*WORK REQUEST*.
The pictures in the listing below are to be skipped, while the lines between the line holding "Торт для мальчика" and the line holding "Venezuela, La Guaira, Bundesstaat", inclusive, are to be output exactly.

*SOURCE DATA*.
"""

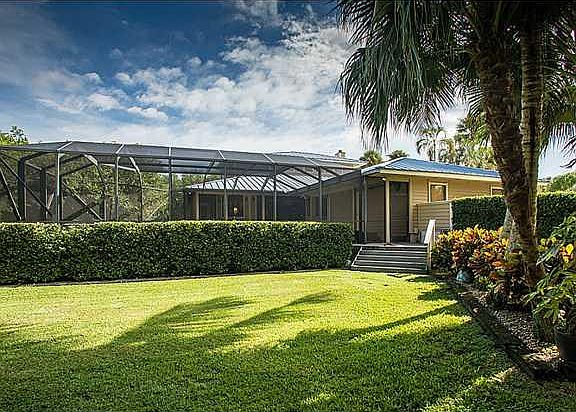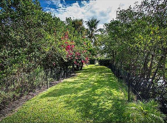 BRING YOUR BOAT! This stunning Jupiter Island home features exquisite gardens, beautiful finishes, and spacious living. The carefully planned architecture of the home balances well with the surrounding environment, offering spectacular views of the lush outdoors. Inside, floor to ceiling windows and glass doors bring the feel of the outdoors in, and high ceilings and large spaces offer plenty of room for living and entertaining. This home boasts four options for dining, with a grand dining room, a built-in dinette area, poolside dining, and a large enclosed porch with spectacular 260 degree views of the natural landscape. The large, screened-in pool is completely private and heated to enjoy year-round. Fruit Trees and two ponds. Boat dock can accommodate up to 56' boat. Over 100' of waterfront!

"""
"""

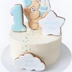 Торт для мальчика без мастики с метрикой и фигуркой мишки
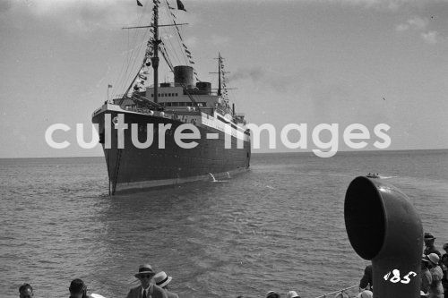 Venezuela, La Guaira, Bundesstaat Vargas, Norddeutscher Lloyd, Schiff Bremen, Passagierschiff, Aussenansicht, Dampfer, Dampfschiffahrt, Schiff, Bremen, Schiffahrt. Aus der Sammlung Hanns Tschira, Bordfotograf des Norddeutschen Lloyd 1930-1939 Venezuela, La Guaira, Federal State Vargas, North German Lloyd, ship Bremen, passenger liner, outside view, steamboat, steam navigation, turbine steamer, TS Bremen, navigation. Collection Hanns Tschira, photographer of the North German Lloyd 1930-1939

"""
"""

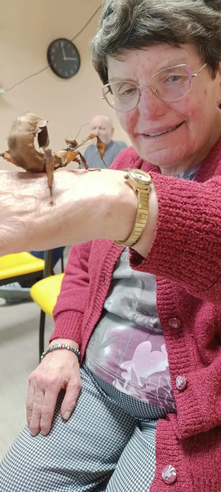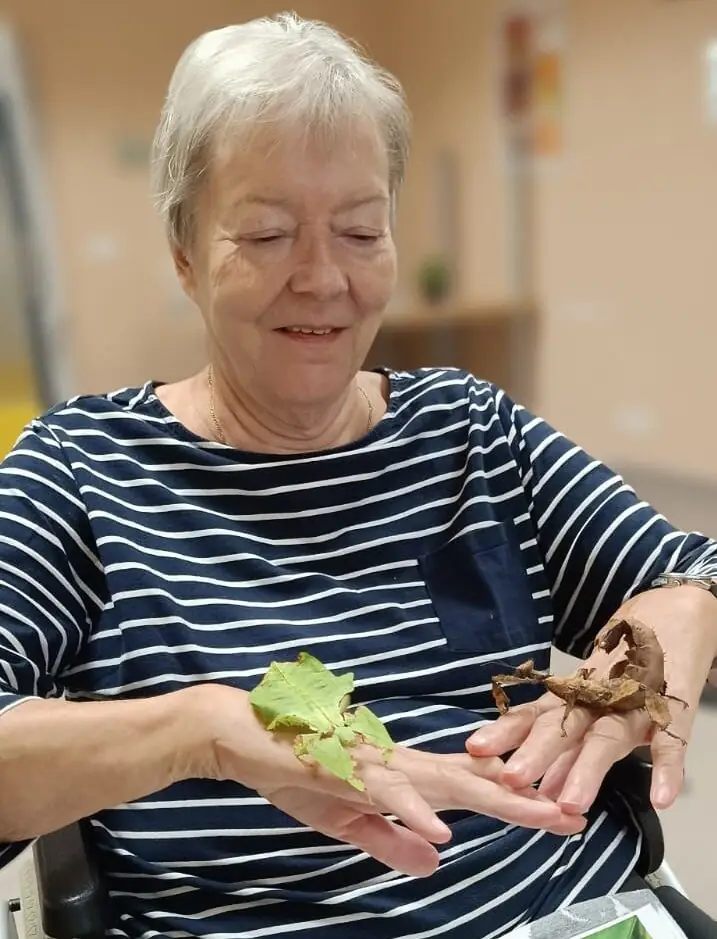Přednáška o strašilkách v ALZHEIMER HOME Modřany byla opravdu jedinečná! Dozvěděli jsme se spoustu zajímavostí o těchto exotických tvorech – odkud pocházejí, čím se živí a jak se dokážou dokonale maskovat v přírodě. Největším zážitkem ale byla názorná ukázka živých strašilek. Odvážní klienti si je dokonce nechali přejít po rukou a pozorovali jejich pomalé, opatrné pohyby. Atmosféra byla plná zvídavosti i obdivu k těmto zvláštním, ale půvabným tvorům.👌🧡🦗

"""

*SOLVED EXERCISE*.
 Торт для мальчика без мастики с метрикой и фигуркой мишки
 Venezuela, La Guaira, Bundesstaat Vargas, Norddeutscher Lloyd, Schiff Bremen, Passagierschiff, Aussenansicht, Dampfer, Dampfschiffahrt, Schiff, Bremen, Schiffahrt. Aus der Sammlung Hanns Tschira, Bordfotograf des Norddeutschen Lloyd 1930-1939 Venezuela, La Guaira, Federal State Vargas, North German Lloyd, ship Bremen, passenger liner, outside view, steamboat, steam navigation, turbine steamer, TS Bremen, navigation. Collection Hanns Tschira, photographer of the North German Lloyd 1930-1939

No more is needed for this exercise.